Should I be looking for stocks to buy?
Should I be spending more time finding stocks to sell?
Or should I be allocating capital to entirely different assets?
That’s what we do here at TrendLabs — identify the type of market environment we’re in, and then decide which tools and strategies fit that environment best.
It’s never an “all clear” to buy or sell. This is a weight-of-the-evidence process. We gather the data, assess the setup, and then attack.
Today we’re breaking it down into three parts: what’s good about the current stock market regime, what’s bad about it, and what’s just plain ugly.
Still a Secular Bull Market
It always comes back to time horizon, right?
Maybe you’re a short-term swing trader. Maybe you’re a long-term investor. Maybe you’re somewhere in between.
What we do know for sure is that asset prices trend — and the longer your timeframe, the more important that trend becomes. (If you missed it, go read my post on timeframes from last month.)
Right now, the most bullish data on the board is that long-term trends remain firmly intact across stock markets around the world — not just in the U.S.
This is the good: The S&P500, Dow Jones Industrial Average, Nasdaq100 and Russell 2000 Small-cap Indexes all finished October with their highest monthly closes on record.
Europe, Japan, China, Latin America, and London all went out at new highs for the cycle as well.
This isn’t just a U.S. bull market.
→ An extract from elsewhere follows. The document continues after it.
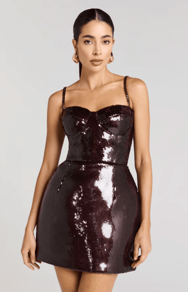 Shimmer in this chocolate brown mini, featuring a structured bodice with internal boning for a flattering fit. The signature tulip-style skirt adds a playful touch, while detachable jewelled straps let you switch up the look.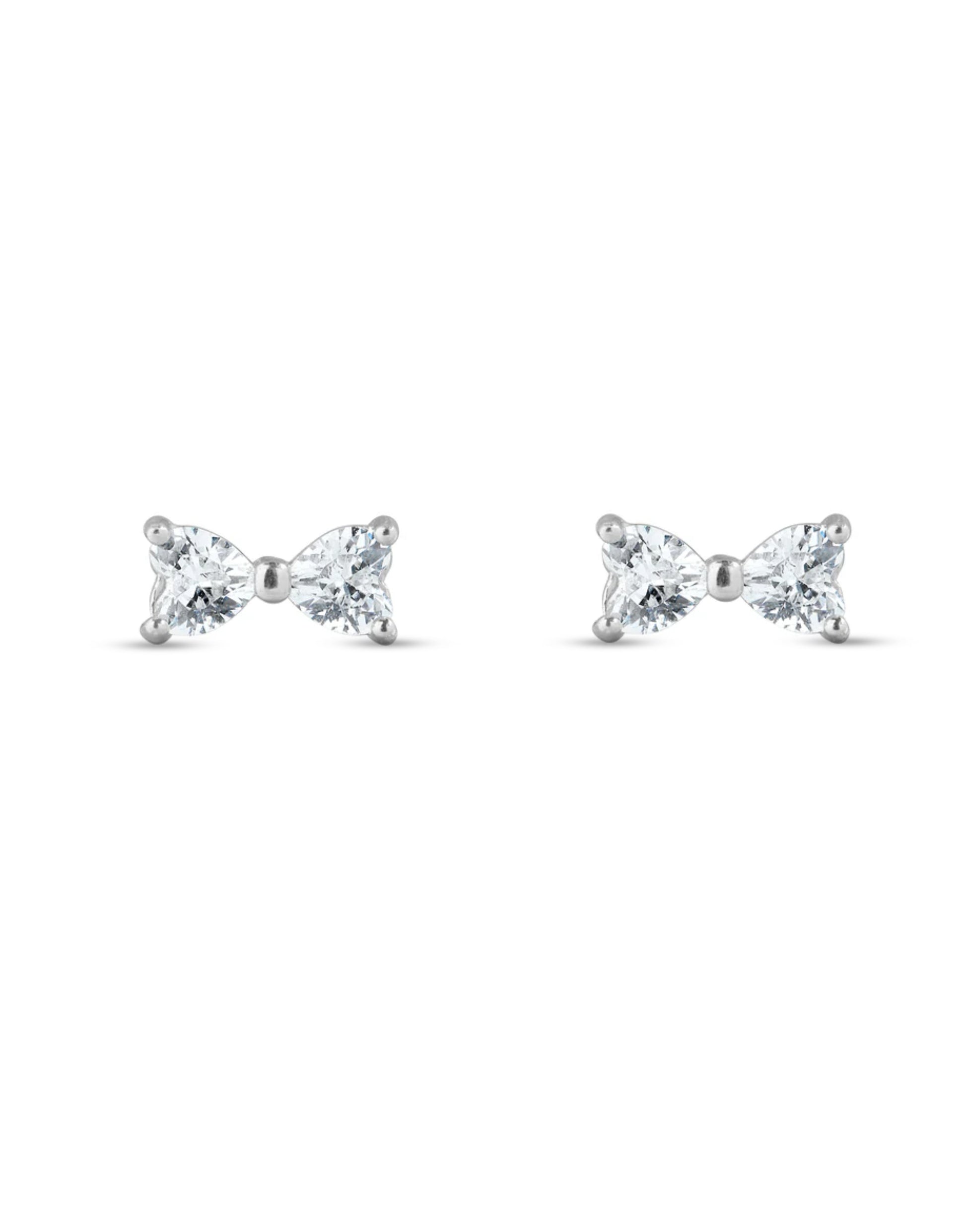Minimal Two Stone Bow Stud Earrings in 92.5 silver with rhodium plating and 5A+ zirconia stones. A delicate bow silhouette with two sparkling stones, symbolizing grace and charm for daily wear.

It’s a bull market for Earthlings.
The Traffic Jam Continues
Back in early October, we talked about what this market correction should feel like — and the traffic jam analogy still fits perfectly.
This is the bad part of the current environment: There’s simply more supply than demand for stocks at these levels.
In other words, there are still plenty of investors looking to sell into strength, no matter how strong the longer-term trend remains.
The best example of this continues to be the Russell 2000:

This chart of the small-cap index remains the cleanest visual of overhead supply in today’s market — and it’s also one of the most important gauges of market breadth we have.
Remember what we discussed on Sunday: If the Russell 2000 is in an uptrend, you probably don’t have a breadth problem. (If you missed it, here’s Not Weak Breadth, Just Sour Grapes.)
As we’ve discussed, the percentage of stocks on the NYSE that are above their 200-day moving average (in other words, in uptrends), peaked back on September 11. (See Here’s Why Stock Prices Will Fall.)
But keep in mind that we’ve yet to see a breakdown to new lows for this measure. So that’s one of the things on my radar for this week.
Losing the Leaders?
The good news is that the worst part about this market can easily be corrected with one day of action, AND it falls within the context of a strong uptrend.
So even the ugly here needs to be viewed within the context of the current cycle.
This is a chart of the First Trust Nasdaq-100 Equal-Weighted Index Fund (QQEW) failing to hold on to its breakout from last week.
Momentum is also putting in a bearish divergence, which doesn’t help the situation:

This index gives each of the 100 stocks an equal weighting, rather than the larger companies representing a larger percentage of the overall index, like the market-cap weighted Nasdaq-100 (QQQ).
This chart above is another classic example of the overhead supply in this market that we’ve been talking about since last month. It’s part of the congestion, or “traffic jam,” if you will.
The longer the equal-weight Nasdaq-100 (QQEW) is below 144, the longer this correction will last. Same with the Russell 2000 Index (IWM). That’s the “resistance,” as we call it.
It doesn’t mean the market is going to crash, or that we’re beginning some kind of epic bear market. It’s just the same ongoing correction that we’ve been talking about for over a month.
Some More Good News
It’s a bull market, at the end of the day.
So even though this post is mostly about the bad, the ugly, and the wave of selling pressure we’ve seen in recent weeks, the bigger picture remains the same: We’re still in a powerful uptrend, and there’s little to no evidence that it’s over.
Sector rotation is the lifeblood of a bull market. We know this — and we keep seeing it.
Healthcare was the worst sector. Then it became the best.
Energy was the worst, and now it’s heating up again — we’ve been buyers there.
And I think Transportation belongs on that same list.
Expeditors International (EXPD) yesterday had its best earnings reaction in nearly two decades, closing at new all-time highs.
That’s one of the bellwethers of the Dow Jones Transportation Average:

This doesn’t look like a top. It looks like a giant base ready to launch the next leg of the bull market.
Once this market finishes digesting the overhead supply from the past month, I think we’ll be talking about Transportation stocks leading the charge — and a lot of investors won’t be too happy about it, because they won’t own them.
We already own two of these names in our Divergence Portfolio, and my suspicion is we’ll be adding more soon.
That’s how I see the good, the bad, and the ugly in this market.
To be clear, the good is actually great.
The bad has already been bad for a month.
And the ugly? It’s ugly like a pug. Sure, it looks like it ran face-first into a wall… but it’s still kind of cute.